Question

what score on the wechsler adult intelligence scale would an individualaged 20 to 34 have to earn to qualify for mensa membership?round your answer to 2 decimal places.

Answer 1

To qualify for Mensa, an individual must have an IQ in the top 2 percent of the population, which translates to an IQ score of 130 or above on the Wechsler Adult Intelligence Scale, using the average score of 100 and standard deviation of 15.

Step-by-step explanation:

Mensa membership

requires an individual to have an IQ in the top 2 percent of the population. On most IQ tests, the average IQ score is set at 100 with a standard deviation of 15 points. Therefore, to be in the top 2 percent, an individual would have to score significantly above the average.

Given a normal distribution, the top 2 percent of scores would roughly start at or above a

z-score

of 2, which equates to an IQ score of about 130 when using the average IQ score and standard deviation (100 + 2*15 = 130).

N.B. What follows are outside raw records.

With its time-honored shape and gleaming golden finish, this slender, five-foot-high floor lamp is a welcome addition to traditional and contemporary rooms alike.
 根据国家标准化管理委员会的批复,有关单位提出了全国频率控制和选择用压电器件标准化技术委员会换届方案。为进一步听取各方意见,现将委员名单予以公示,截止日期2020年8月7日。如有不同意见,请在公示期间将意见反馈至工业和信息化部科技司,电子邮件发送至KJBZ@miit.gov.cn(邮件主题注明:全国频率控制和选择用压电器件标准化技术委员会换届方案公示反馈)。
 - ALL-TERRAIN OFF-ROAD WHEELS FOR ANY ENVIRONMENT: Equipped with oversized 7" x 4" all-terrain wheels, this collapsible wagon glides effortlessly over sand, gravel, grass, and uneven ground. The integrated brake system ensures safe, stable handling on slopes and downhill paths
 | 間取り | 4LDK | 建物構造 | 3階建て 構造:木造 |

However, it is critical to confirm with Mensa the specific requirements and the exact version of the IQ test they accept, as scoring may vary between different tests.

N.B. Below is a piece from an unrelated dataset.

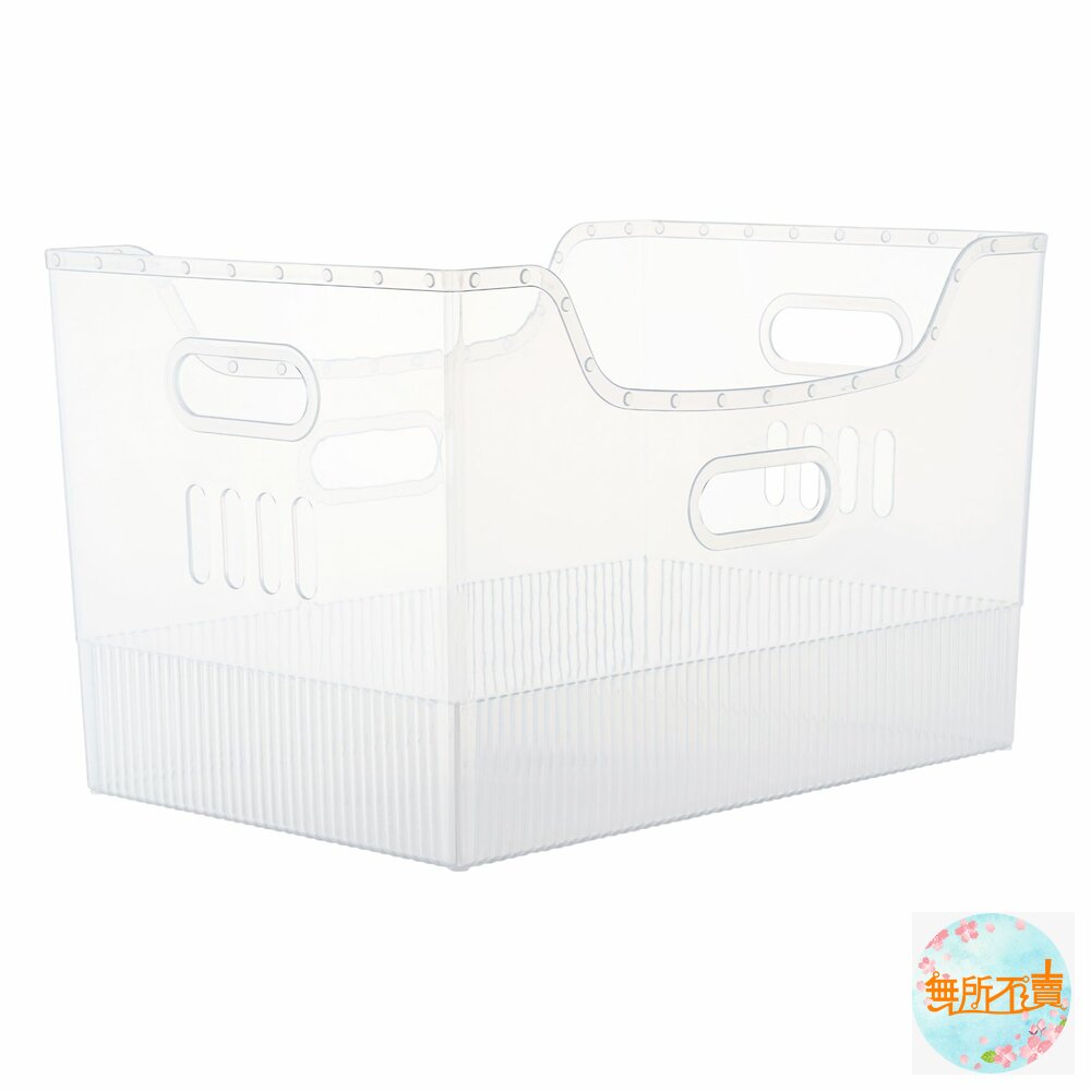 光亮透明,一目了然,適用於桌面檔案、櫥櫃內物品之收納,亦可放置於冰箱內作收納,握把設計,便於拿取,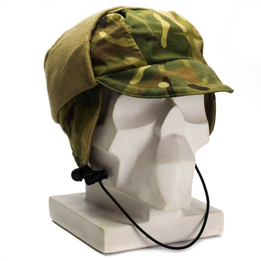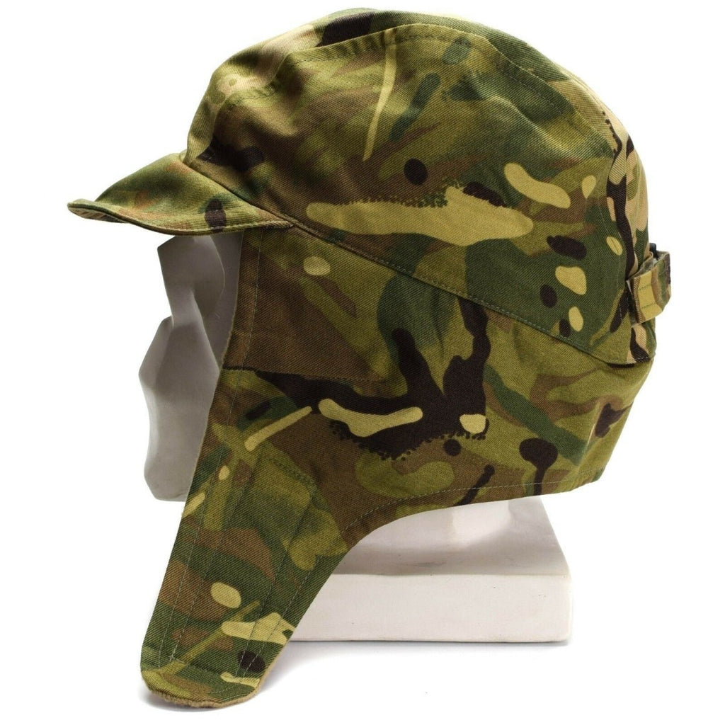 This is a British military waterproof paratrooper cap in Multi-Terrain Pattern (MTP) camouflage. It is designed to protect the head and keep the wearer dry in wet conditions. The cap is made in a classic paratrooper style and features the MTP camouflage pattern, which was developed to blend in with various terrains found in British military operations. The cap is designed for use by paratroopers and other military personnel, and is built to be both durable and practical for use in challenging environments.

Additionally, Mensa may also accept scores from other approved intelligence tests as part of their membership criteria.

Answer 2

To qualify for Mensa membership, an individual aged 20 to 34 would need to earn a score of 149.1 or higher on the Wechsler Adult Intelligence Scale.

Step-by-step explanation:

Mensa is an organization that requires its members to have an IQ score in the top 2% of the population. To determine the minimum IQ score needed to qualify for Mensa membership, we need to find the threshold value at the 98th percentile of the IQ distribution. Given that a typical adult has an average IQ score of 105 with a standard deviation of 20, we can use the z-score formula to calculate the threshold value:

Z = (X - µ) / σ

Where X is the score we want to find, µ is the mean, and σ is the standard deviation. Rearranging the formula to solve for X, we have:

X = Z * σ + µ

Since this question is asking for the score to two decimal places, we would need to use a standard normal distribution table or a calculator to find the z-score that corresponds to the 98th percentile, which is approximately 2.05. Plugging in the values, we get:

X = 2.05 * 20 + 105 = 149.1

Therefore, an individual aged 20 to 34 would need to earn a score of 149.1 or higher on the Wechsler Adult Intelligence Scale to qualify for Mensa membership.